The very fast spreading of the coronavirus in China has forced the Chinese government take the unprecedented measure of extending the Lunar New Year holiday by as much as a week in some cases as well as the step of some cities being quarantined will have an impact on the second largest economy of the world according to analysts.
The timing of the emergence of the coronavirus just before the Chinese New Year was a threat from the beginning as it is not only the largest festival for the Chinese but also a very large economic event. Last year, more than 1 trillion yuan ($145 billion) was spent on this occasion by Chinese consumers in shopping, dining, entertainment and travel, said a report by the Chinese state news agency Xinhua.
The imposition of restrictions on traveling because of the fear of the spread of the virus means that Chinese consumers are not spending as much this week as other years. But since government offices and schools will remain closed during the extended holiday which is expected to impact millions of people in China. Chinese authorities have extended the holidays till February 2 throughout the country while by a week for in Shanghai and several provinces.
The head offices of some of the largest Chinese companies such as Tencent, Huawei and Alibaba will also remain shut. Extension of holidays until February 9 has been announced by Tencent for it’s about 54,000 employees.
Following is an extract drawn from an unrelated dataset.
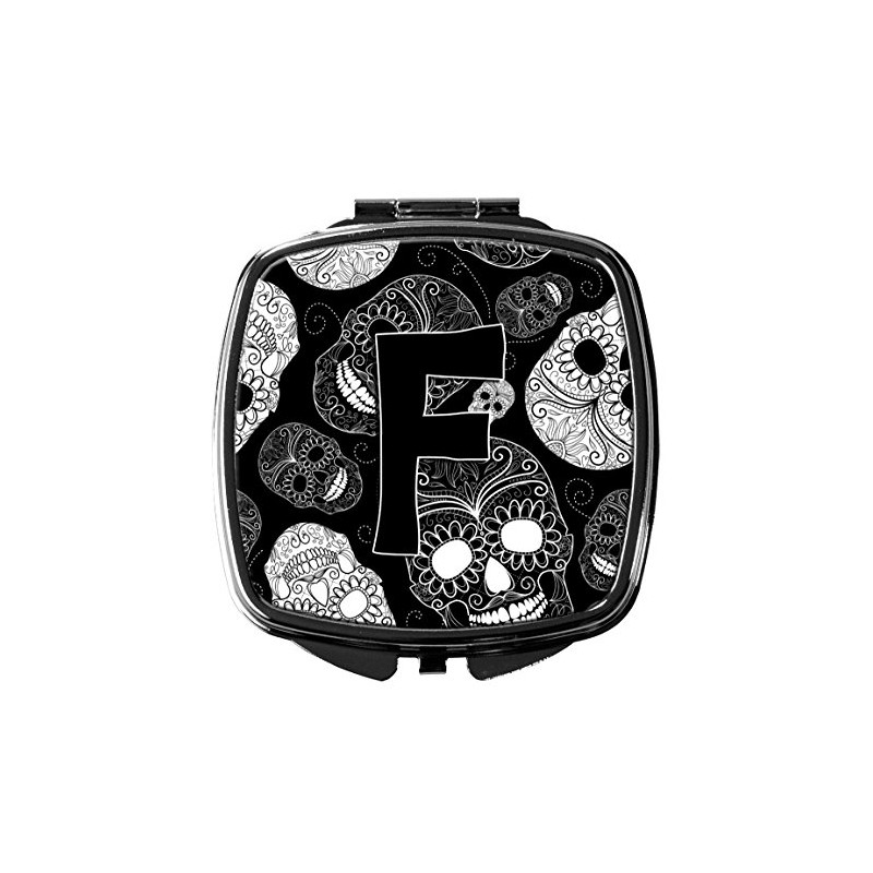 Caroline's Treasures CJ2008-FSCM Letter F Day of The Dead Skulls Black Compact Mirror, Multicolor

Analysts have said that it is difficult to predict the exact extent of the economic hit. However it should also be mentioned that the entire country has not stopped working. For example, the Shanghai Stock Exchange is set to commence business on February 3. And even in those areas that are quarantined, one can find grocery stores and food delivery services still operating though in a restricted manner.
About 0.3 percentage points off China’s first quarter growth is likely to be knocked off, predicted ING economist Iris Pang.
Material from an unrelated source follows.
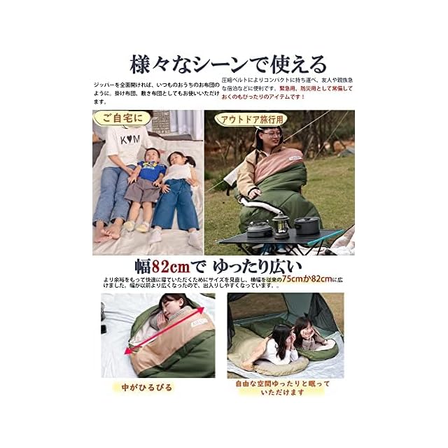 【商品サイズ&品質サービス】使用時:(約)210×82cm; 広げた時:(約)210×160cm; 収納時サイズ:約 35×17cm 重さ:約1.8kg 最低使用温度:-15℃ 快適温度10℃です。100%注意:体感によって体感温度が異なりますので、お客様の体調に合わせて、ご自身にあった重量の寝袋を選ぶことをお勧めしています。また、気温によりブランケットと一緒に使うのもおすすめ致します。重さ:約1.4kgは耐寒範囲:約-10℃ ~ 25℃,重さ:約1.8kgは耐寒範囲:約-15℃ ~ 25℃,重さ:約2.2kgは耐寒範囲:約-20℃ ~ 25℃。【購入】1年間の品質を付いており、もしも商品がお手元に届かない、もしくは商品に問題があった場合はお手数おかけ致しますが、お問い合わせメールアドレスにご連絡ください。サポート担当者が迅速に対応させていただきます。

However, prediction that the impact of the coronavirus is going to be more than that of the SARS in 2003 was made by Tommy Wu, analyst at Oxford Economics. This is because of the faster rate of spread of the coronavirus compared to SARS and the its emergence coinciding with the New Year holiday.
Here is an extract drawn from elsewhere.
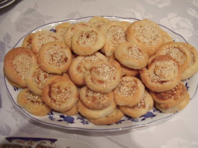 ½ lisnatog testa tanko razvući i premazati je tunjevinom iz jedne knzerve. Testo urolati i seći komade oko 1,5 cm debljine. Parčiće ređati u pleh obložen pek papirom i svaki komad pritisnuti malo rukom da se spljošti. Posuti susamom i peći u zagrejanoj rerni dok ne porumeni. Ko voli rešije može peći duže i obrnuto..Postupak ponoviti i sa drugom polovinom

This has prompted analysts at Nomura to predict that China’s first quarter growth could be hit by as much as more than two percentage points because of the virus outbreak. That would be more than what had taken place during the SARS outbreak.
The hit to China’s annual growth rate could be even more severe, said Patrick Perret-Green, an economist with research firm AdMacro.
“There will be no quick recovery. China was growing strongly [during SARS], as was the rest of the world,” he said. “Now China and the global economy is like a patient on dialysis, and somebody just pulled an IV out.”